ASCE has honored Erica C. Fischer, Ph.D., P.E., M.ASCE, with the 2019 Collingwood Prize for the paper “Experimental Evaluation of Single-Bolted Lap Joints at Elevated Temperatures,” Journal of Structural Engineering, January 2018.

The mentioned paper summarizes a series of tests performed at Purdue University that measured the axial force–displacement–temperature relationship of lap splice joints. The field of structural fire engineering consists of designing and analyzing buildings for the load effects due to fire, rather than using the prescriptive approach per the International Building Code. To perform such analyses, complex nonlinear finite element models are necessary to simulate the nonlinear material behavior of steel and the inherent fire resistance of the building through lateral restraint and load redistribution. While the gravity frame connections are designed for vertical shear force only at ambient temperature, structural fire engineering entails designing these connections for the loads imposed throughout both the heating and cooling phases of the fire. These loads include large axial tensile demands during the cooling phase. To design for these demands, engineers must quantify the temperature-dependent load-displacement capacity of the connections.

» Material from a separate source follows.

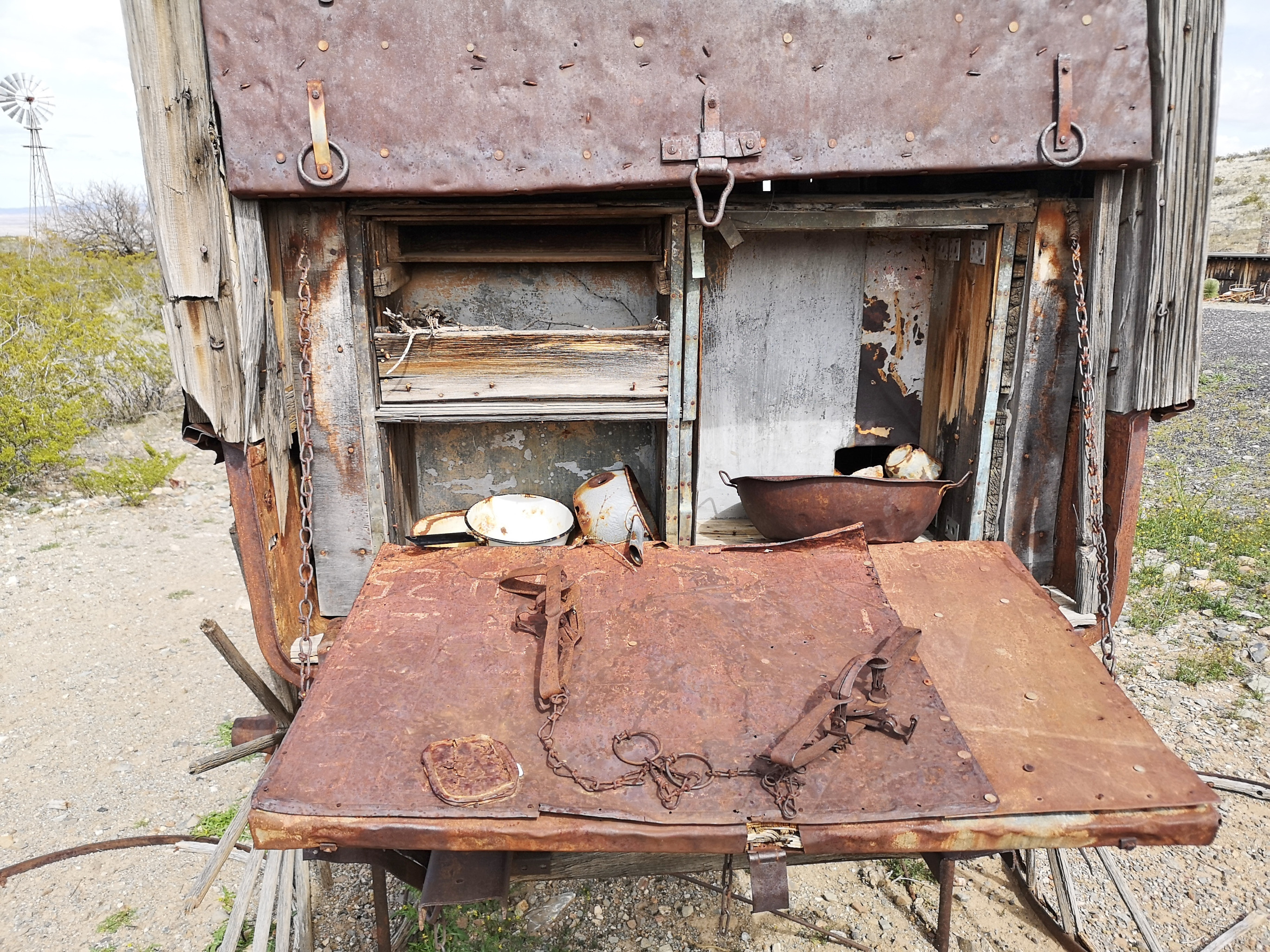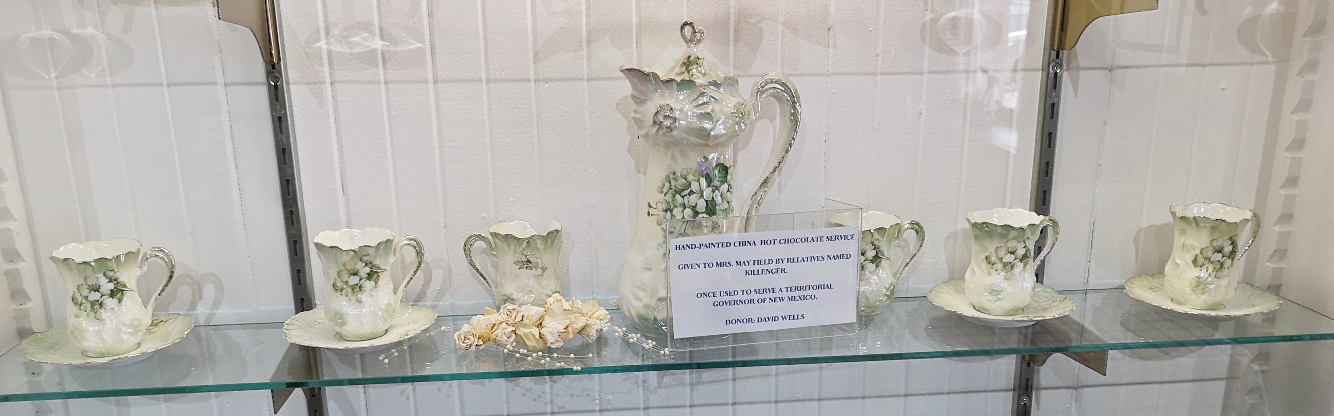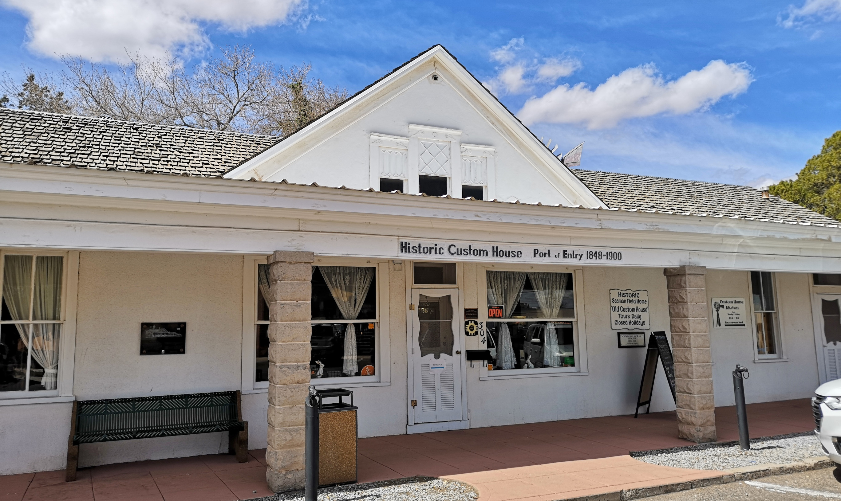 The next day we headed back into Deming, getting diesel at the cheap station and filling our propane at the expensive place. Since it was lunchtime, we decided to find a place to eat. We ended up at the Custom House, a historic building that was trying something new by offering light lunches. I had the Sonora hot dog with really good chips and Sharon had a corn meal muffin and a tomato stuffed with chicken salad. They had interesting displays of dishes; Sharon’s favourite was the hot chocolate set. The building was the original custom house from 1848-1900 so there was a display dedicated to that.

The results presented by Fischer in her paper experimentally benchmark numerical codes previously developed for the temperature-dependent load-displacement capacities for connections failing in bolt shear fracture and bolt bearing. While the relationships have previously been benchmarked for bolt shear fracture, these experiments occurred in the UK, where ASTM A325 bolts are not used. The plate bearing numerical models had yet to be benchmarked against experimental tests. The results from the tests that Fischer rationally summarized showed that the lap splice joints will fail in tearout failure, which results in a sudden loss of carrying capacity, rather than the gradual decline in load-carrying capacity that bolt bearing failure implies. These results are paramount in the development and furthering of the structural fire engineering field, especially for the work being produced through the ASCE fire protection committee.

Fischer has been active in the ASCE Fire Protection Committee. Her esearch has a direct application to the products the committee is developing. She has been involved in the writing and development of the Structural Fire Engineering Manual of Practice, recently published. This manual provides background and knowledge to structural engineers to implement structural fire engineering on projects throughout the United States. She is currently serving as an academic advisor on the joint Charles Pankow Foundation and Structural Engineers Institute project to develop exemplar procedural guidance on how to use the Manual of Practice.

The paper demonstrates that the author has significantly contributed to the engineering body of knowledge through the experiments she performed. These experiments begin to experimentally benchmark critical modeling techniques and methodologies that structural engineers will require as they employ structural fire engineering on structural engineering projects.

The Collingwood Prize is awarded to the author or authors, under 35 years of age, of a paper describing an engineering project with which the author is directly connected, or recording investigations contributing to engineering knowledge to which the author has made some essential contribution and which contains a rational digest of results.